科学的世界観は、そのすべてがフィクションである

人間の感性=ψ10は霊の「像化」を生むが、それはあくまでも自己側においての構成に限られる。知覚が主観的であるという意味だ。——見えている世界は、本来、内的なものなのである。

一方、人間の思形=ψ9は語・概念によって像を“固定”し、外化する働きと言える。外の世界とは言語が生成を切り取って、その断面をつぎはぎすることによってあしらえたハリボテにすぎないということ。

つまり、感性は、霊的構造の〈反映像〉として“現れの側”にあり、言語は、その現れを〈記述可能な他者の構造〉として“外化”し、最終的にそこに「物(=物質)」としての存在感覚を与えている。

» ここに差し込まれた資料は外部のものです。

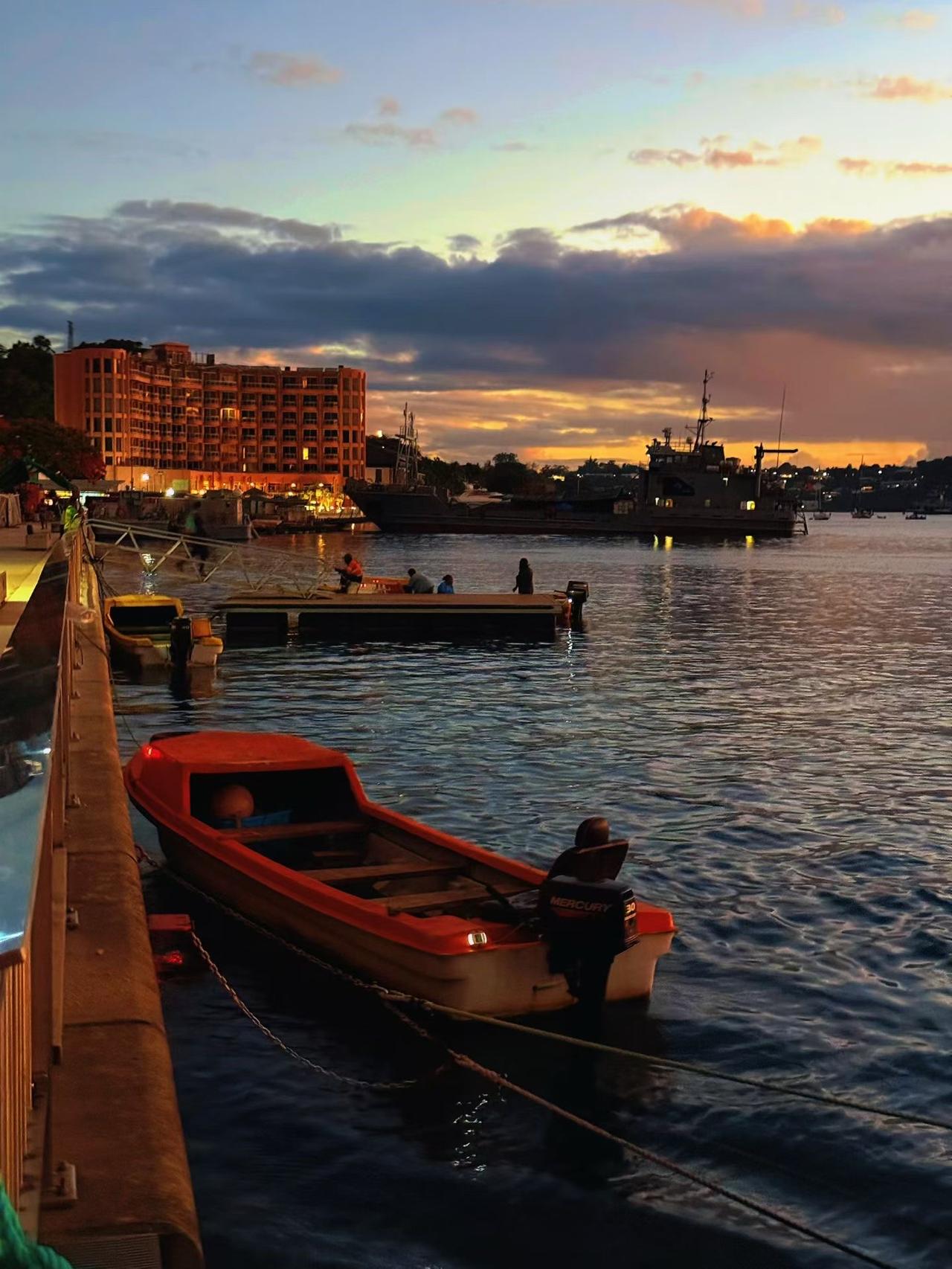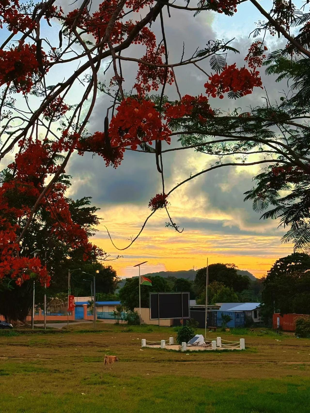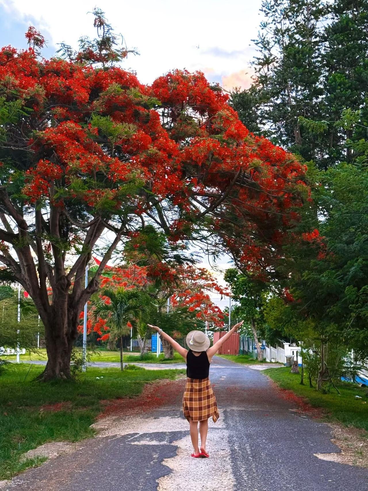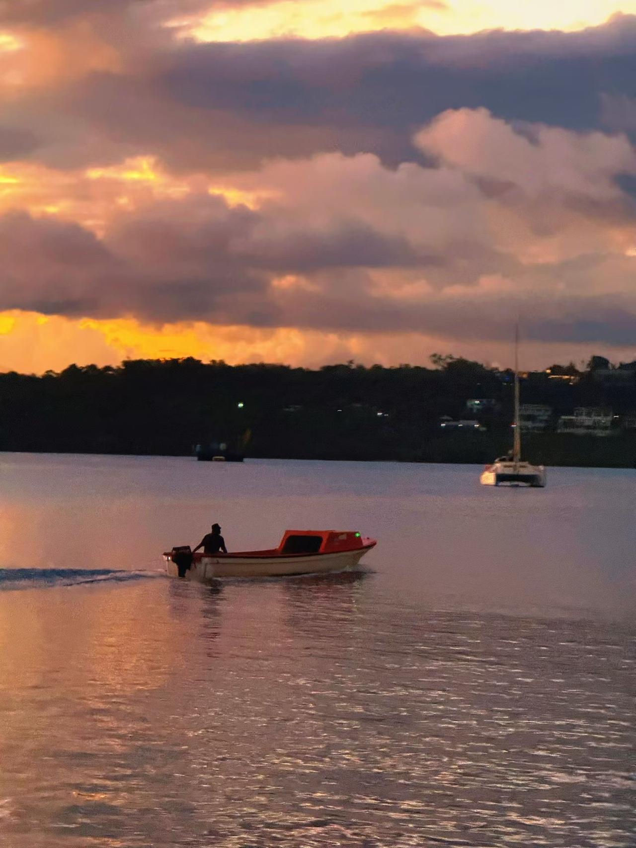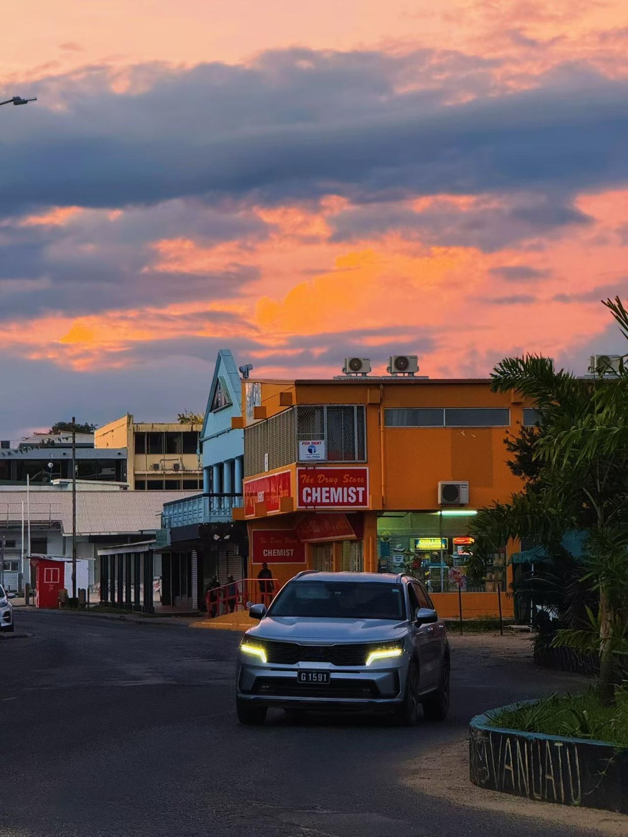 瓦努阿图| 🧡 维拉港 维拉港是一座充满热带风情的城市, 随性走走, 20分钟就走到了海边。 一路上有高大的凤凰树, 开的绚烂极了, 和当地的小孩一起玩耍, 还遇到房屋上写的中文:购买房产 遇到了一对来自中国福建的夫妻, 带着宝宝来散步, 他们在这里开酒店, 还在扩建完善中, 听着中文就觉得很亲切~ 日落时分, 看着海上的船来船往, 好治愈啊

ここで重要なのは、物質とは私たちが実際に経験している「見え」そのものではないという点だ。物質としての存在感覚は、象の「見え」が言語によって他者と共有可能となった構造の中に“閉じ込められた”ときに一つの欠如として生まれている。

ここから何がわかるかと言うと、「言葉以前に物がある」とする近代的自然観は全くの虚偽である——ということ。
よりわかりやすく言えば、科学的世界観は、そのすべてがフィクションであるということだ。